Ничего не приходит ниоткуда. Если явление существует, и не важно, социальное это явление или физическое, значит, существуют причины, благодаря которым оно возникает и которые поддерживают его существование. Несомненная заслуга интерпретативного подхода в том, что его сторонники заставили всех задуматься, почему те или иные городские легенды набирают популярность в определенной социальной ситуации. Однако результаты анализа, основанного на поиске «скрытого значения» легенды, часто оказываются весьма слабо верифицируемыми. Для Алана Дандеса, отца-основателя психоаналитического подхода в фольклористике, вопрос о доказательстве любой интерпретации «маловероятен, когда мы имеем дело с символическим материалом»[47]. Однако время от времени язвительные критики все равно спрашивали: «А как вы будете доказывать свою интерпретацию?»
Кроме вопроса о прямых доказательствах, существенная часть критических работ касалась главной методологической операции сторонников этого подхода – гипотетического мостика между эмоциями сообщества и эмоциями конкретного представителя сообщества. Критики указывали, что исследователи на самом деле реконструируют надындивидуальное скрытое послание, которое не обязательно выводится из суммы всех скрытых посланий, зашифрованных в каждом акте исполнения легенды. В 1991 году Джиллиан Беннетт заметила, что, хотя современные легенды могут выражать желания и страхи тех обществ, в которых существуют, само наличие этих желаний и страхов у каждого конкретного рассказчика следовало бы доказать, а не рассматривать как нечто самоочевидное. У легенд могут быть и другие функции – в конце концов, люди, говорит Беннетт, цитируя другого автора, рассказывают истории, «когда им, черт возьми, этого хочется»[48].
Похожую мысль высказывает Билл Эллис. В 1994 году он обращается к американской подростковой легенде «Крюк», в которой действует некий маньяк с крюком вместо руки.
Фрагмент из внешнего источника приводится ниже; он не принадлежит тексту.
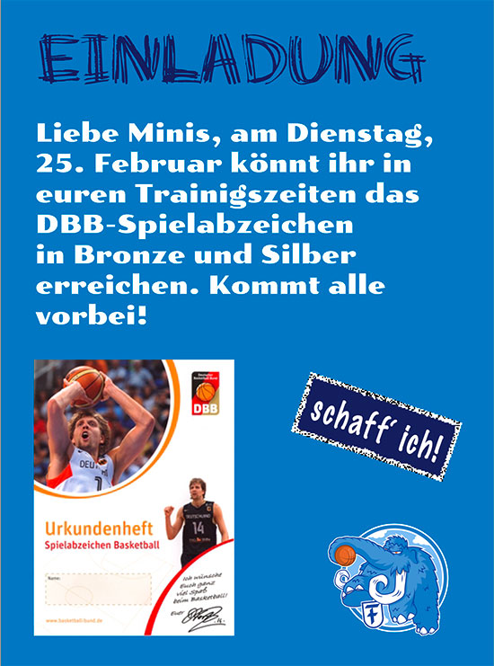 Einladung für unsere Minis zum DBB-Spielabzeichen. KommentarnavigationZurückVorheriger Beitrag:U10 Team Weiss: Sieg gegen KöpenickNächstesNächster Beitrag:U10 Team Blau: Sieg gegen TusliRelated PostsGeschützt: Mammut Basketball Camps in den Schulferien 20251. Oktober 2025Basketball interessierte Frauen aufgepasst1. September 2025Mitgliederversammlung 202528. Januar 2025Mammut Basketball Camps in den Herbstferien9. September 2024Friedenauer FLINTA* Basketball Open Gym2. Mai 2024Macht mit beim 3×3 Turnier bei „Friedenau im Frühling“ am 4. Mai13. April 2024
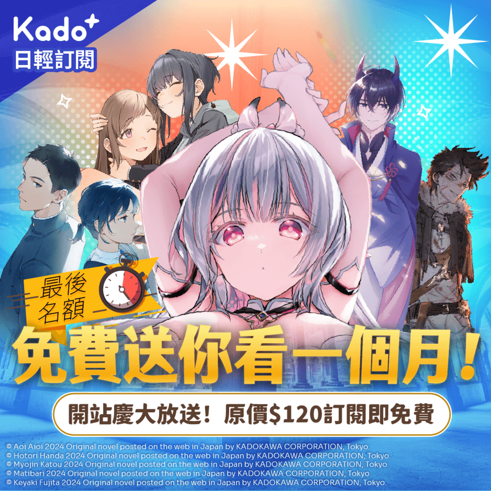 台灣角川旗下小說連載平台KadoKado角角者,即日起推出 「Kado+ 小說訂閱制」方案開幕慶特別活動。小說訂閱制是全台首次嘗試線上服務,可一次解鎖超過 60 部日本正版授權全新連載輕小說,每本每周固定更新,每月都能搶先閱讀尚未上市的實體新作。現正舉辦歡慶開幕限時優惠活動,5/26 中午12:00 前網站下單指定方案,首月訂閱費用官方直接買單,現省120元之外,加碼贈送價值近百元的線上觀書禮。

Он внимательно изучает записи легенды, собранные в архиве университета Беркли, и приходит к выводу, что бесполезно искать «типичную версию» легенды, которую можно было бы считать вместилищем ее «скрытого значения». Ее не существует: напротив, «легенда заключает в себе ряд дискурсов, которые каждый исполнитель использует для своих собственных социальных нужд»[49]. Вместо того чтобы приписывать легенде те или иные функции, следует спросить у самих носителей – зачем они ее рассказывают и слушают. Согласно исследованию Эллиса, хотя рассказчики этой легенды прямо сообщают, что слышат в ней «моральное предостережение» и чувствуют нечто «действительно страшное», рассказывают они ее обычно в ситуациях, когда этот страх ощущается как условный и ритуальный (посиделки у костра, посещение страшных мест). Значит, говорит Эллис, легенда выполняет в основном развлекательную функцию, а не выражает страх молодых девушек перед первым сексуальным контактом, как (естественно!) считал Алан Дандес.
Однако это замечание Билла Эллиса оставляет без ответа те вопросы, которыми задавались исследователи, работающие в рамках интерпретативного подхода. Существует немало «действительно страшных» историй, и все они в известном смысле в определенной ситуации могут развлечь, однако почему легенда о преследующем маньяке была так популярна именно среди американских (а не советских или гватемальских) подростков именно в 1960–1980‐е годы? Переключение внимания исследователя с социальных функций сюжета на анализ коммуникативной ситуации, в которой этот рассказ происходит, оставляет совершенно нерешенным вопрос: а почему, черт побери, этот сюжет вообще возникает и становится популярным здесь и сейчас?